Beyond turning one man into a werewolf, historically the concept of monstrousness has been used to dehumanize groups of people; the concept of monstrousness is not always inherent but often politically motivated. In Robert Graves’s The Greek Myths, the poet explained that the story of Lycaon was meant to show the “disgust felt in more civilized parts of Greece” towards the Arcadians’ cannibalistic offerings to Zeus and to prop up the virtuosity of the Athenians’ vegetarian offerings in contrast. 

To borrow a concept from Jeffrey Jerome Cohen’s “Monster Culture (Seven Theses),” monsters police the borders of the possible. In other words, they enforce taboos and societal norms. One taboo that is present in nearly all cultures is that against cannibalism. From zombies to werewolves, monsters subtly reinforce the wrongness of eating human flesh. 

Recently I’ve started watching the show Hannibal. The show follows special investigator Will Graham as he helps the FBI investigate several serial killers. As Will’s work and his technique of emphasizing with the killers to understand and catch them take a toll on his mental stability, Will seeks the help of psychiatrist Dr. Hannibal Lector, who begins to manipulate Will to his own ends. 

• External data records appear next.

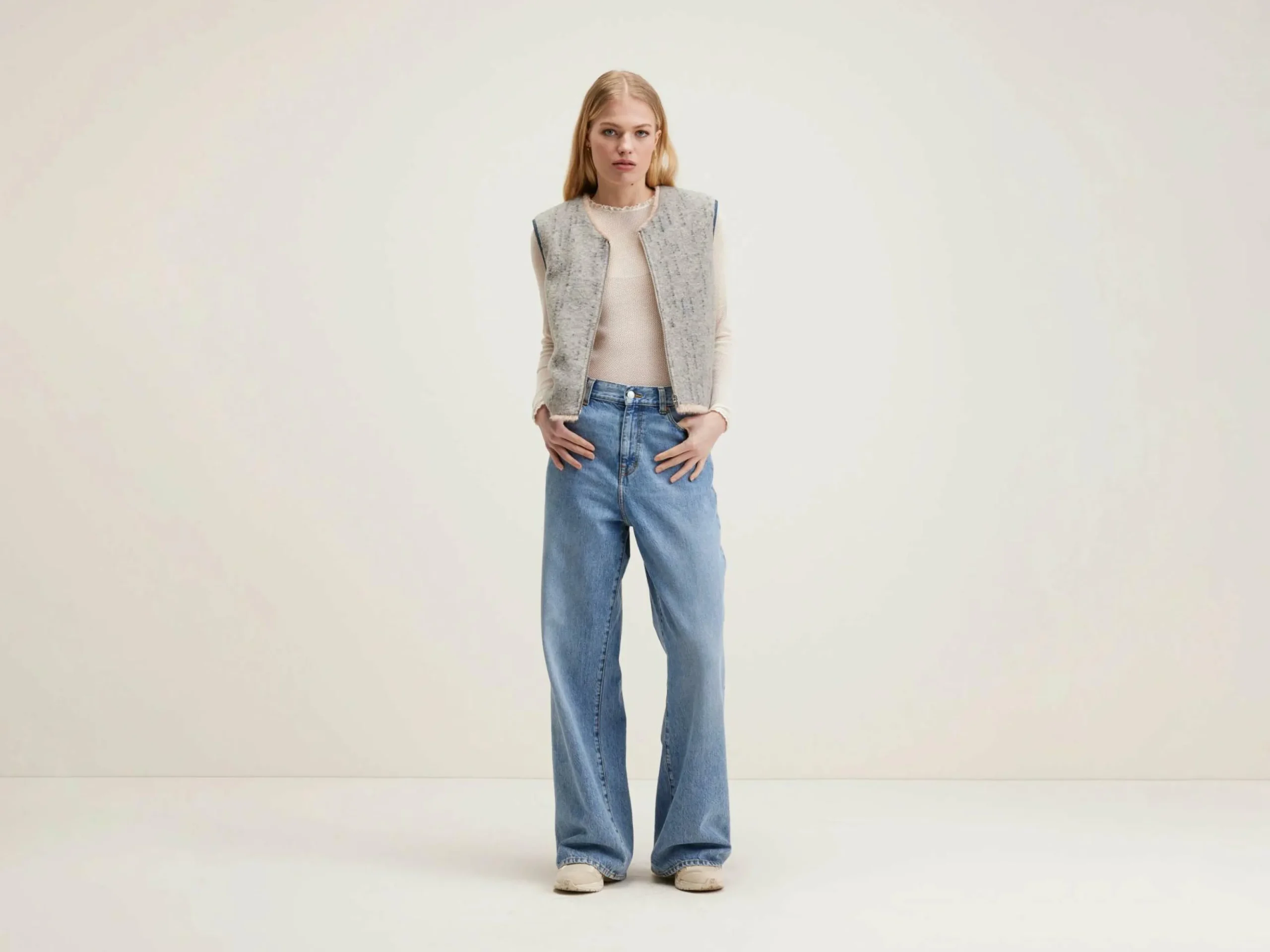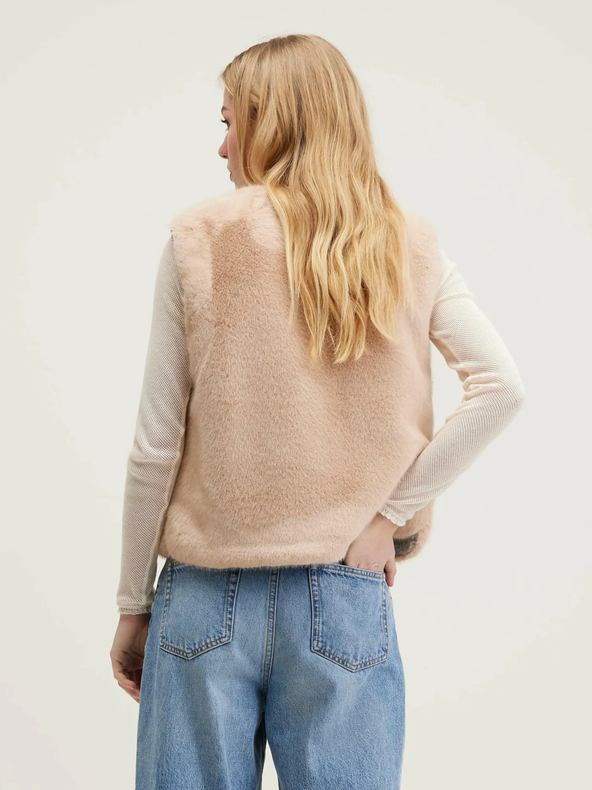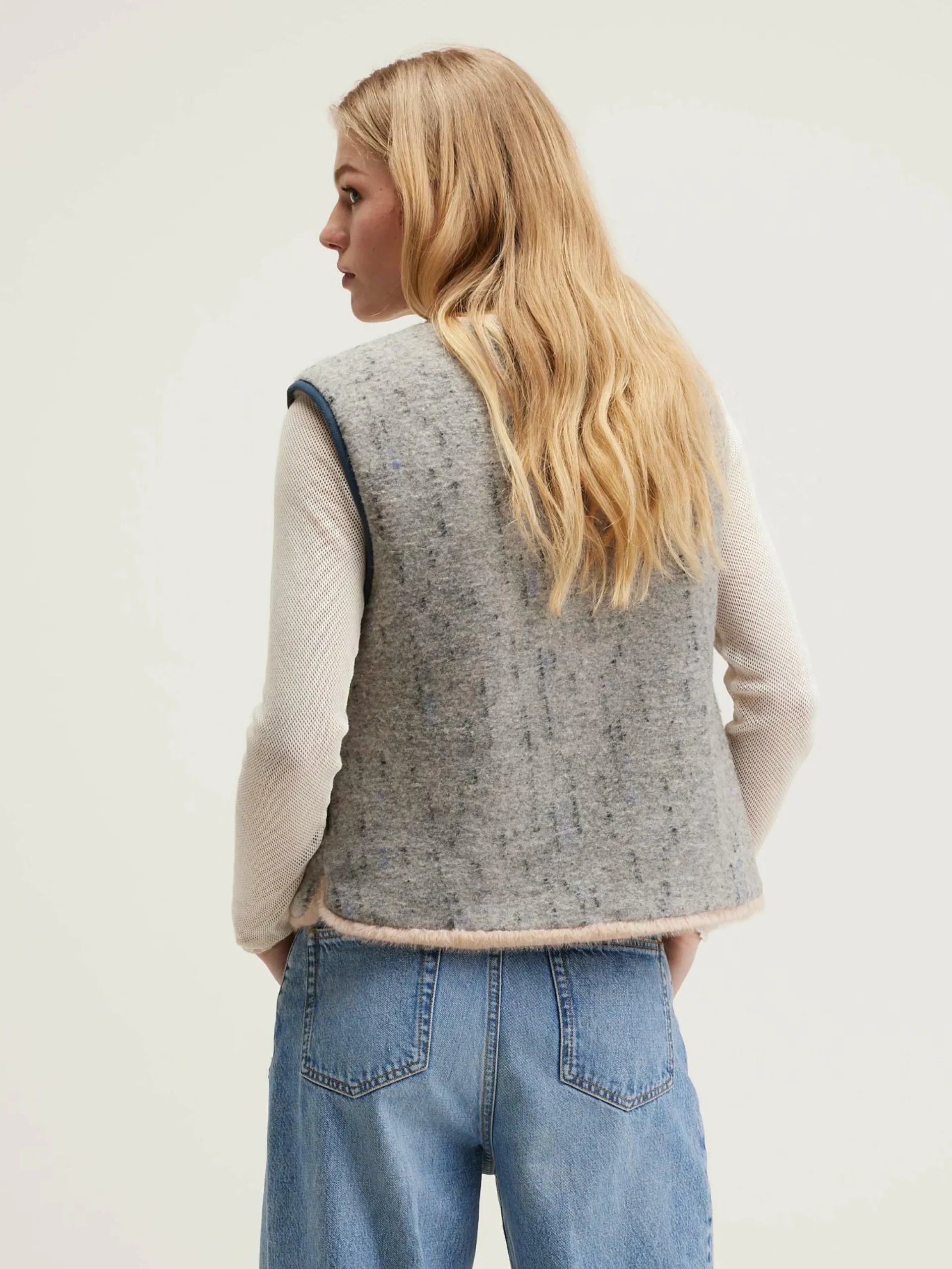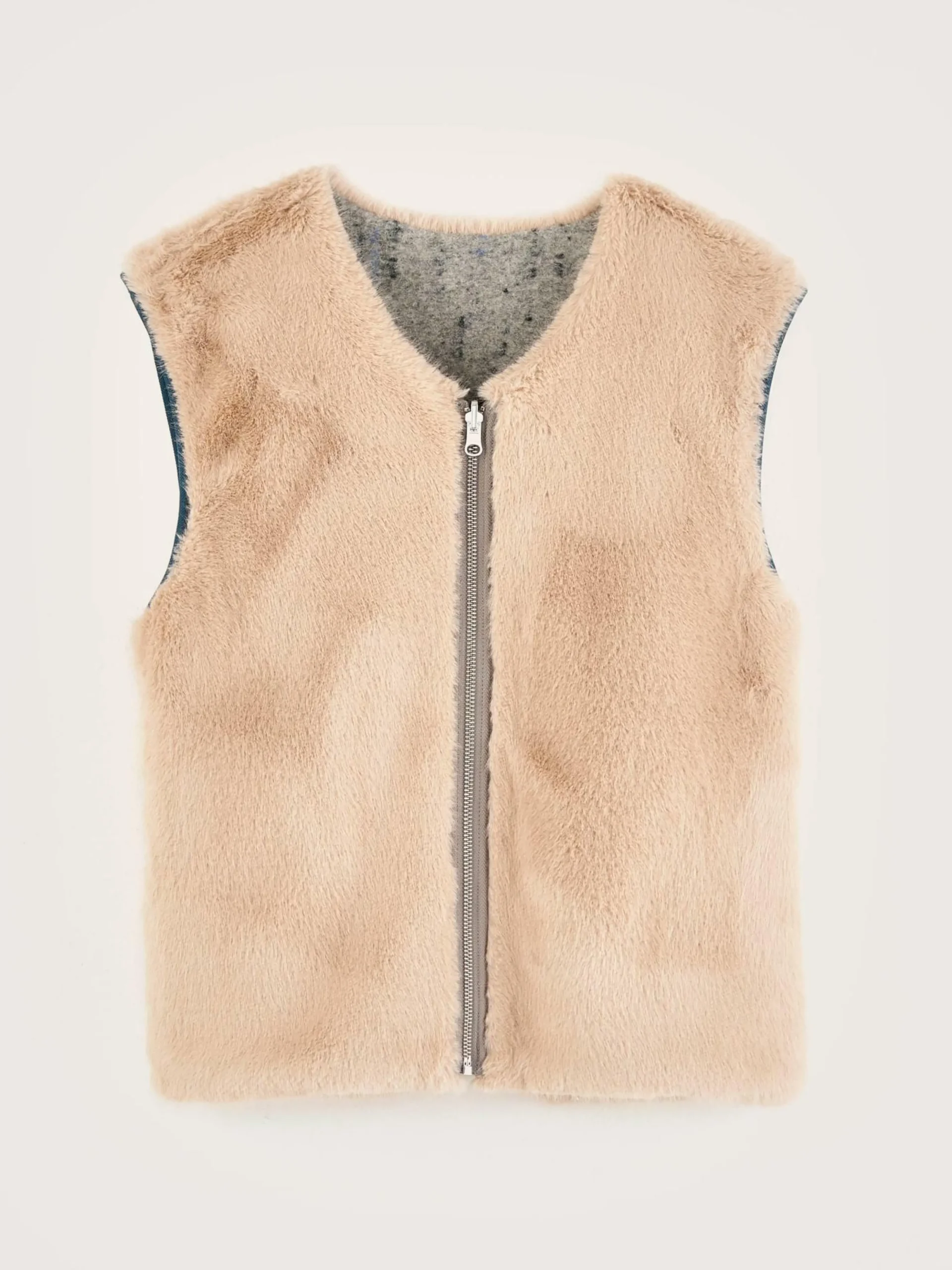 Surchemise réversible en flanelle gris chiné, doublée de fausse fourrure.
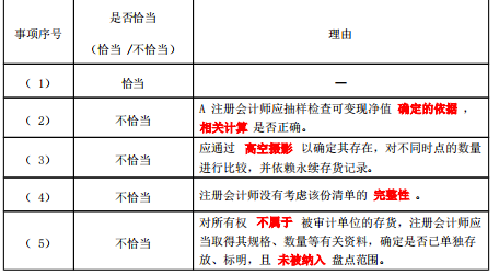 问题 ABC 会计师事务所的 A注册会计师负责审计多家被审计单位 2019 年度 财务报表。与 存货审计 相关事项如下: ( 1)甲公司从事放射性药物生产,由于无法对存货实施监盘, A注册会计师通过实施替代审计程序获取了与存货相关的充分、适当的审计证据。 ( 2)乙公司对期末存货采用成本与可变现净值孰低的方法计价, A注册会计师认为乙公司计提存货跌价准备的方法合理,故存货跌价准备的计提不存在错误。 ( 3)丙公司地处高寒山区,以放养高山牛而享誉市场, A注册会计师在对高山牛的数量进行监盘时因为难以控制高山牛的移动,故在监盘时选择样品进行化验与分析并依赖永续存货记录。 ( 4)因为丁公司的存货存放在多个地点, A注册会计师要求丁公司提供一份完整的存货存放地点清单。按照丁公司提供的清单确定了需要监盘的地点。 ( 5)在监盘戊公司公司存货时, A注册会计师发现角落里有一堆原材料未纳入盘点范围,戊公司财务经理解释说该批材料已经出售,购货方企业仓库正在修建,该批材料是暂时存放在戊公司的, A注册会计师认为其解释合理,未实施其他审计程序。 要求: 针对上述第( 1)至( 5)项,逐项指出 A注册会计师的做法是否恰当。如不恰当,简要说明理由。
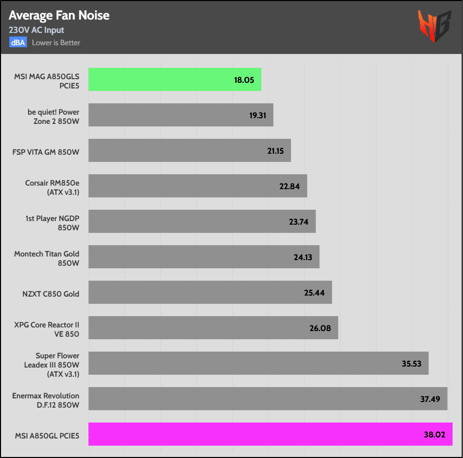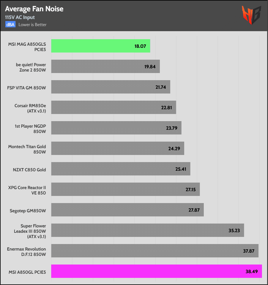 Look at the difference between the A850GLS and the A850GL models. It is chaotic! The 850GLS is among the quietest PSUs in the 850W category.
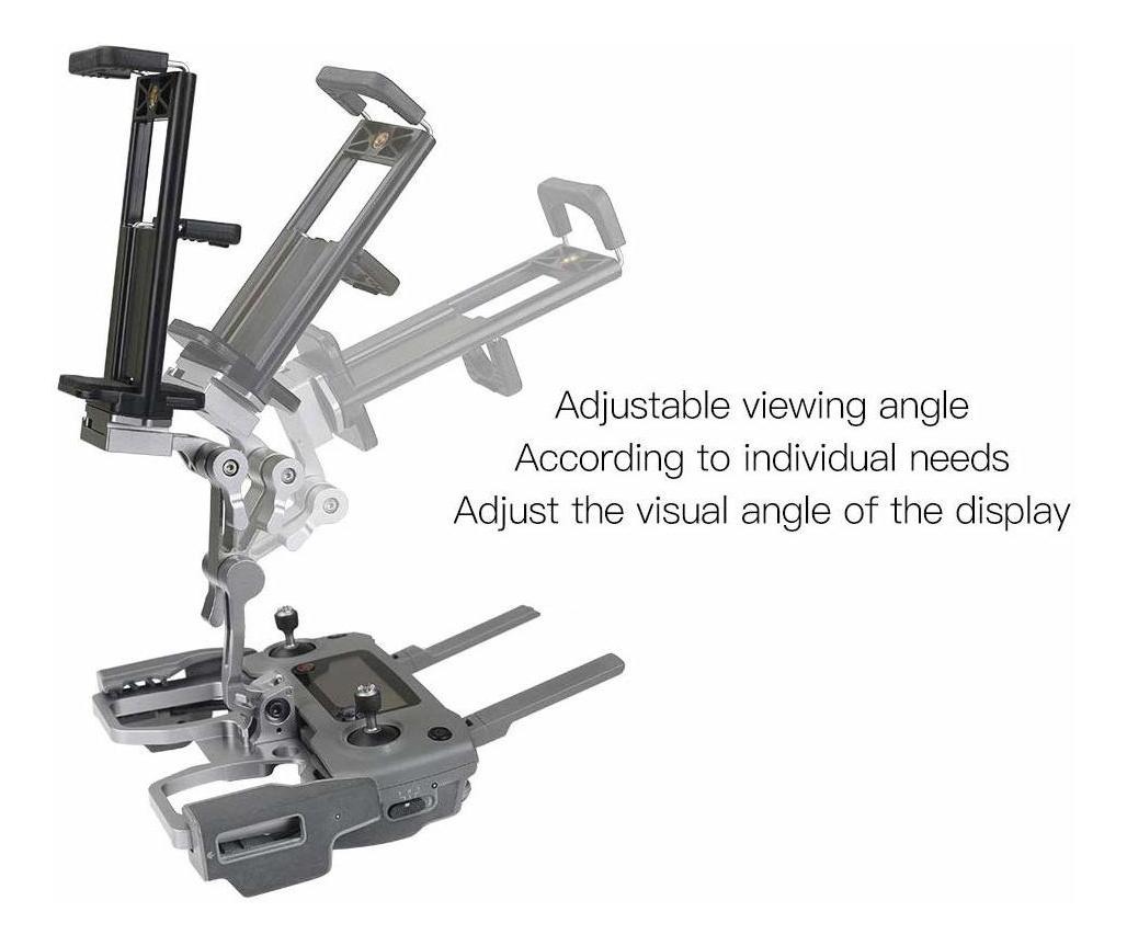 De aleación de aluminio Material Hecho, tecnología CNC, accesorios de diseño de alta calidad Compatible perfecto con DJI Mavic Pro 2 / Mavic 2 Zoom / Mavic aire / Mavic Pro / Platino / Spark mando a distancia .; Para longitud teléfono inteligente estirable: aproximadamente 54-83mm, conveniente para 3.5-5.5in Smartphone; para la tableta longitud estirable: aproximadamente 110-190mm adecuado para 7-10in Tablet; Diseño plegable para un almacenamiento cómodo con ángulo de visión ajustable de acuerdo a las necesidades personales; Se pliega en un factor de forma compacta para su almacenamiento. Fabricado en aluminio y plástico ABS de alto impacto hizo para tomar el abuso sin romper .; Viene con soporte 1 tableta y cuerda de seguridad. Todos nuestros productos estan en inglés SKU 8111913324
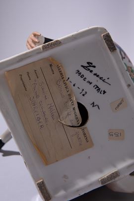 Terraglia modellata a colaggio, decorata in policromia sotto vernice.
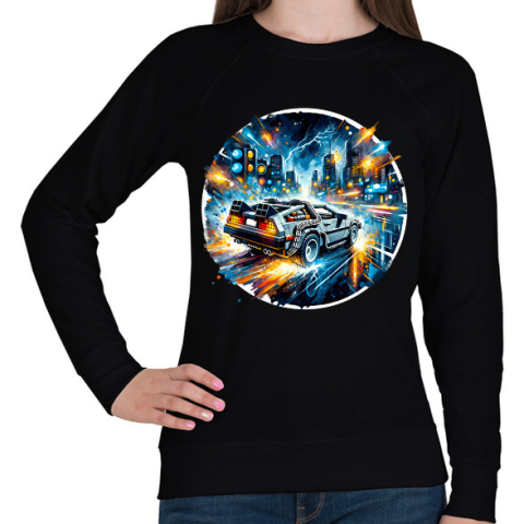 1 kép PRINTFASHION DeLorean - Vissza a jövőbe - Női pulóver - Fekete
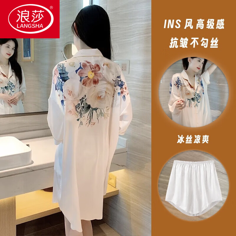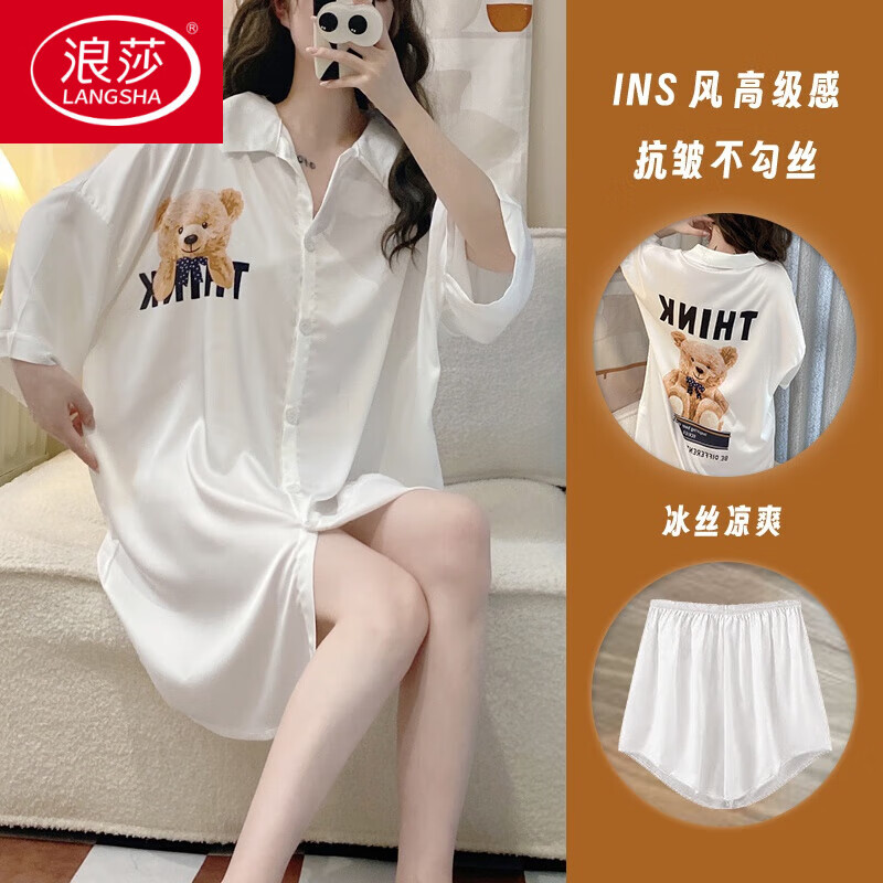 鹿叔:性感睡衣春夏男友風(fēng)襯衫誘惑冰絲大碼純欲薄款秋季睡裙女款

Hannibal, as you might remember from The Silence of the Lambs (which I must disclose I have yet to watch), is a cannibal, yet he is nothing like the wild beast that Lycaon becomes. Instead, he is the picture of sophistication, wearing three-piece suits almost every day, playing the harpsichord and theremin, going to the opera, and cooking multi-course meals for himself and his coworkers, although whether the meat in those meals is animal or human is never quite made clear. While all of this may be in line with the picture of a cold and calculating psychopath, it certainly goes against the grain of what one would expect a cannibal to be like. 

As Will Graham begins to grow wise to exactly what kind of person Dr. Lector is, these growing suspicions mixed with his disintegrating mental state lead Will to start hallucinating Hannibal as a dark, emaciated creature with horns like a stag’s. This desire of Will’s to make his understanding of Hannibal’s inner nature into something physical mirrors the desire for only what is good to appear beautiful, or at least to appear human. 

But in TV and real life, the world is more complicated than fairytales. Many times, the monsters hide in plain sight.

5 Comments

  1. Anna

    Have you ever listened to the podcast Myths and Legends? It is my favourite for its gently cynical humour, but also because the host really digs into a lot of the history of these stories (i.e. primary texts and versions) and deals a lot with how monsters and beauty/lack thereof are portrayed in original texts and such, especially in more recent episodes (circa 2018 and onwards).

    Anyway, there’s a lot of resonance between your thoughts here and that podcast.

    Reply
    • Lauren

      I’ll have to check it out!

      Reply
  2. Josh Parks

    Jeffrey Jerome Cohen!! I read his essay on gray ecology (zombies, rocks, etc.) in a medieval lit class. Such bizarre fun.

    Reply
  3. Laura Sheppard Song

    Love this exploration of what looks monstrous compared to what actually is.

    I watched Silence of the Lambs for the first time this year and it blew me away. Just a really incredible movie in tone and pace. I immediately wanted to watch it again!

    Reply
  4. Kyric Koning

    Certainly a Platonic interpretation. We do so like putting things into neat categorizations. “Monsters” standing in for “monstrous behavior” is a neat shift. Very human too. Always trying to shape our surroundings.

    A nice looking at myth and monsters to see what actually makes myth and monster and reality.